The Seahawks re-signed Penny on a one-year deal worth $5.7 million on March 20, 2022. In Week 4, against the Lions, Penny had 17 carries for 151 rushing yards and two rushing touchdowns in the 48–45 victory. In Week 5, Penny suffered a season-ending broken fibula in the 32–39 loss against the New Orleans Saints. He was placed on injured reserve on October 14, 2022.

===Philadelphia Eagles===
On March 15, 2023, Penny signed a one-year contract with the Eagles. He was originally seen as a replacement for running back Miles Sanders, who departed for the Carolina Panthers in free agency over the offseason. However, later in the offseason, the Eagles acquired D'Andre Swift from the Detroit Lions in a trade, and leading up to the 2023 season, Eagles head coach Nick Sirianni would not announce a starting running back, instead planning for a "committee approach" to the position, where Penny, Swift, Kenneth Gainwell, and Boston Scott would share carries. Despite this, Penny would end up seeing the least playing time, only appearing in three games throughout the season with 11 carries and a total of 33 yards.

===Carolina Panthers===
On May 6, 2024, Penny signed with the Carolina Panthers.

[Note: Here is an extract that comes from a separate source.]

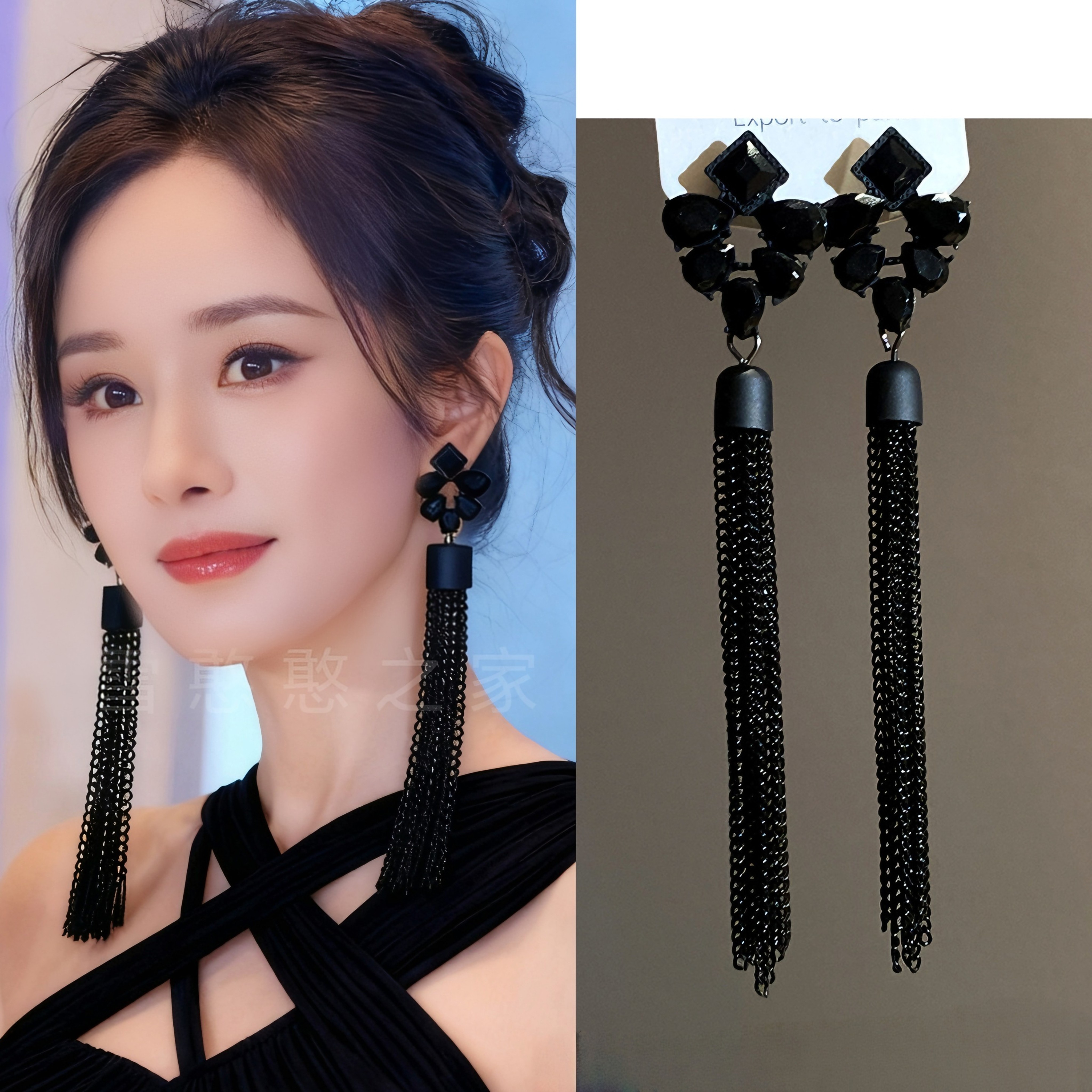黑色长款流苏耳环耳夹耳钉耳坠2025秋冬新款女晚礼服耳饰旅游度假

On July 30, Penny was placed on the reserve/retired list by the Panthers.

==Coaching career==
On May 12, 2026, Penny was named as the head football coach at Long Beach Jordan High School.

==Career statistics==
=== NFL ===

Regular season
Year: Team; Games; Rushing; Receiving; Fumbles
GP: GS; Att; Yds; Avg; Lng; TD; 1D; Tgt; Rec; Yds; Avg; Lng; TD; Fum; Lost
2018: SEA; 14; 0; 85; 419; 4.9; 38; 2; 18; 12; 9; 75; 8.3; 24; 0; 0; 0
2019: SEA; 10; 0; 65; 370; 5.7; 58; 3; 16; 11; 8; 83; 10.4; 30; 1; 1; 0
2020: SEA; 3; 0; 11; 34; 3.1; 7; 0; 1; 0; 0; 0; 0; 0; 0; 0; 0
2021: SEA; 10; 6; 119; 749; 6.3; 62; 6; 28; 8; 6; 48; 8.0; 27; 0; 0; 0
2022: SEA; 5; 5; 57; 346; 6.1; 41; 2; 15; 5; 4; 16; 4.0; 6; 0; 1; 0
2023: PHI; 3; 0; 11; 33; 3.0; 7; 0; 1; 1; 1; 5; 5.0; 5; 0; 0; 0
Career: 45; 11; 348; 1,951; 5.6; 62; 13; 79; 37; 28; 227; 8.1; 30; 1; 2; 0

===College===

Legend
|  | NCAA record |
|  | Led the NCAA |
| Bold | Career high |

Season: Team; GP; Rushing; Receiving; Kickoff returns
Att: Yds; Avg; Lng; TD; Rec; Yds; Avg; Lng; TD; Ret; Yds; Avg; TD
2014: San Diego State; 10; 2; 22; 11.0; 21; 0; 0; 0; 0.0; 0; 0; 20; 500; 25.0; 0
2015: San Diego State; 14; 61; 368; 6.0; 55; 4; 8; 120; 15.0; 33; 1; 24; 804; 33.5; 3
2016: San Diego State; 14; 135; 1,005; 7.4; 73; 11; 15; 224; 14.9; 41; 3; 20; 624; 31.2; 2
2017: San Diego State; 13; 289; 2,248; 7.8; 95; 23; 19; 135; 7.1; 33; 2; 17; 521; 30.6; 2
Career: 51; 487; 3,643; 7.5; 95; 38; 42; 479; 11.4; 41; 6; 81; 2,449; 30.2; 7

==Personal life==
Penny has four siblings: Robert Jr., Elijhaa, Breonna, and Brionne. His parents are Desiree and Robert Penny. Penny's older brother Elijhaa is a retired NFL fullback.